The coronavirus disease (Covid-19) first appeared in the Wuhan district of Hubei province of China in early December 2019. The first case was reported by China on January 7, 2020, and this aroused variable interest worldwide, with most countries initially ignoring the novel infection. Fortunately, Indian health authorities sensed the danger, largely because the country has always been alert to new infections. The scientific think-tank at the Indian council of Medical Research (ICMR) became active immediately and the first laboratory confirmed case was identified at ICMR's National Institute of Virology (NIV), Pune, sometime towards the end of January.

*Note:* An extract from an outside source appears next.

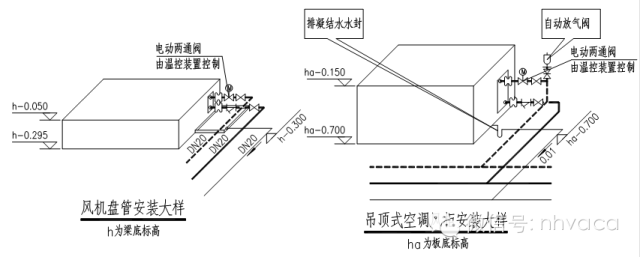 图5为末端设备的接管示意图,风机盘管与吊顶式风柜的水管接管均有三个接口,分别是供水管、回水管和凝结水管,考虑设备振动的因素,接口处均设置软接头。一般来说考虑排出设备内热交换盘管的空气气的因素,回水管在上,供水管在下,凝结水管为自流排水,因此在设备底部接管。两者也有不同之处,由于吊顶式风柜的处理风量大、风压高,设备的尺寸要比风机盘管大,一般要利用梁内空间安装,因此吊顶式风柜的回水管上需要设置自动放气阀,而风机盘管除了在设备本体设置手动放气阀外,一般可以在梁下安装,利用回水管将盘管内空气带出。在凝结水的接管处理上,风机盘管的凝结水盘是露在外部的,因而直接接管即可,吊顶式风柜因为凝结水盘在设备内部,运行时设备内部存在负压,凝结水管需要设置水封,以利于稳定地排出凝结水,在这个环节上吊顶式风柜与组合式空调机组是相同的。

A look at the world Covid meter shows that there is striking variation in mortality rates across countries, ranging from 0.2% to 15% depending on age, the smoking habit and pre-existing co-morbidities. It may be too early to tell, but in general, countries in the Northern hemisphere have faced the maximum brunt, and those in the Southern hemisphere (and those located proximate to the Equator) have so far escaped high infection numbers.
Three factors seem to be playing a role in the observed lower numbers in India with almost zero occurrence of severe Covid-19 cases (until now). First, broad-based immunity in the population due to the extensive microbial load. The Indian population has been exposed to a vast variety of pathogens, including bacteria, parasites and viruses leading to the generation of broad specific memory T-cells in the system, ready to attack additional foreign invaders.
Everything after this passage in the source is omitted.